Top of Extracted entries

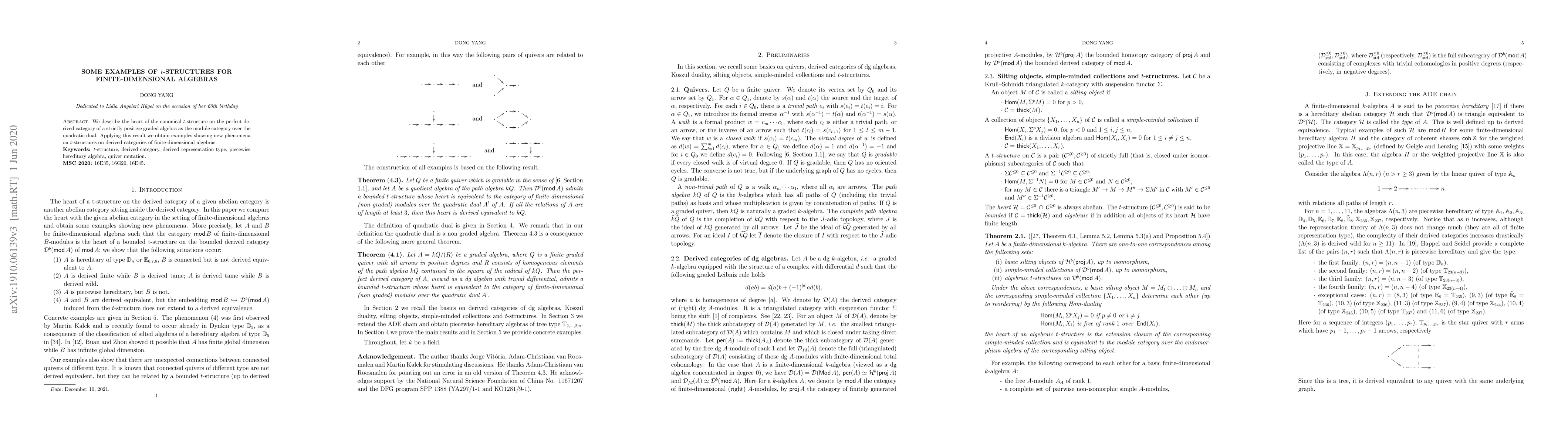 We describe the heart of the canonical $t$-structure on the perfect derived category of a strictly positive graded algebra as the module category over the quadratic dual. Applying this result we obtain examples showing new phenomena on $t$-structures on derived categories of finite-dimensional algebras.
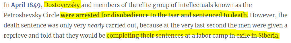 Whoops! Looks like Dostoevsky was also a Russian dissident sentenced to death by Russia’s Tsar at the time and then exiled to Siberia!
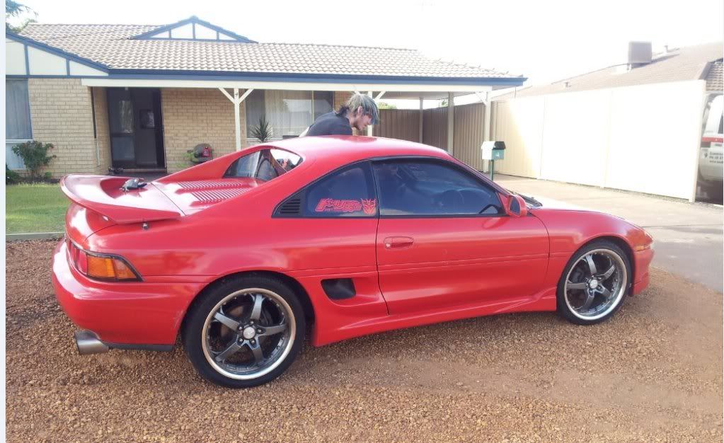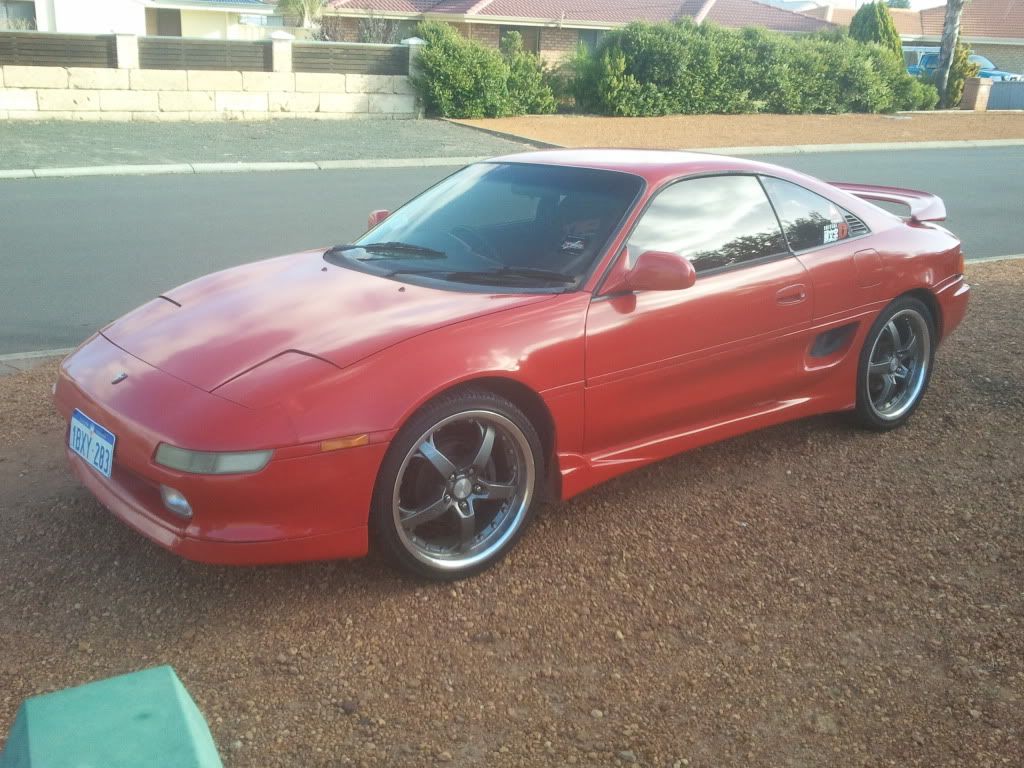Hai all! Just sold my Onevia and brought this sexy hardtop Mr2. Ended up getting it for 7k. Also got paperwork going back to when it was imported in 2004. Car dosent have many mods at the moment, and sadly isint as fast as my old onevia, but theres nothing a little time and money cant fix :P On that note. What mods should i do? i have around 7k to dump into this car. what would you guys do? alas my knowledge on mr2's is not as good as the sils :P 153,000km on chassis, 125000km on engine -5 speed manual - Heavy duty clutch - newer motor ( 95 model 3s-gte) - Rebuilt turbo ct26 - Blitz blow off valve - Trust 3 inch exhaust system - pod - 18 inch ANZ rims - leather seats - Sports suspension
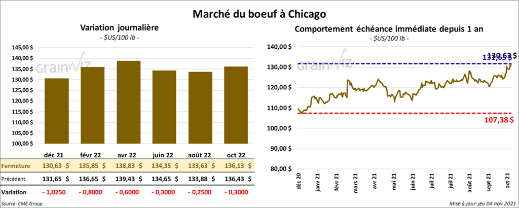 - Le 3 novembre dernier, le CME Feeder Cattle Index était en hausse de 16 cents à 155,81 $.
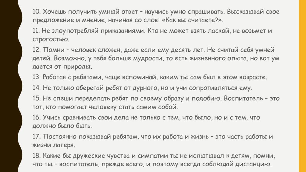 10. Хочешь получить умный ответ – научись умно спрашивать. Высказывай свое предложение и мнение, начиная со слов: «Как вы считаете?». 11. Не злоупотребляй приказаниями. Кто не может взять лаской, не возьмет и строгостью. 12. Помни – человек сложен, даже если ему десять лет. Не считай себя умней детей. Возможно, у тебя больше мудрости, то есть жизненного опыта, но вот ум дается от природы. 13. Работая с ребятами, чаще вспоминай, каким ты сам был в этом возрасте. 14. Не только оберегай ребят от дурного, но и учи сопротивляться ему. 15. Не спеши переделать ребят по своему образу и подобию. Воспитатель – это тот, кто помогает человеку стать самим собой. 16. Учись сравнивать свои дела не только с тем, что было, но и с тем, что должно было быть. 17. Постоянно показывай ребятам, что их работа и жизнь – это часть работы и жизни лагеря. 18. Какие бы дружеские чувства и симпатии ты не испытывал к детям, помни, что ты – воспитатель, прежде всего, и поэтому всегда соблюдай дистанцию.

Bottom of Extracted entries

▶ _Task to carry out_:
Please retype, exactly and only, the lines from the one holding "- Le 3 novembre" to the end of the entries, both ends included, without any pictures.

▶ _Solution to this exercise_:
 - Le 3 novembre dernier, le CME Feeder Cattle Index était en hausse de 16 cents à 155,81 $.
 10. Хочешь получить умный ответ – научись умно спрашивать. Высказывай свое предложение и мнение, начиная со слов: «Как вы считаете?». 11. Не злоупотребляй приказаниями. Кто не может взять лаской, не возьмет и строгостью. 12. Помни – человек сложен, даже если ему десять лет. Не считай себя умней детей. Возможно, у тебя больше мудрости, то есть жизненного опыта, но вот ум дается от природы. 13. Работая с ребятами, чаще вспоминай, каким ты сам был в этом возрасте. 14. Не только оберегай ребят от дурного, но и учи сопротивляться ему. 15. Не спеши переделать ребят по своему образу и подобию. Воспитатель – это тот, кто помогает человеку стать самим собой. 16. Учись сравнивать свои дела не только с тем, что было, но и с тем, что должно было быть. 17. Постоянно показывай ребятам, что их работа и жизнь – это часть работы и жизни лагеря. 18. Какие бы дружеские чувства и симпатии ты не испытывал к детям, помни, что ты – воспитатель, прежде всего, и поэтому всегда соблюдай дистанцию.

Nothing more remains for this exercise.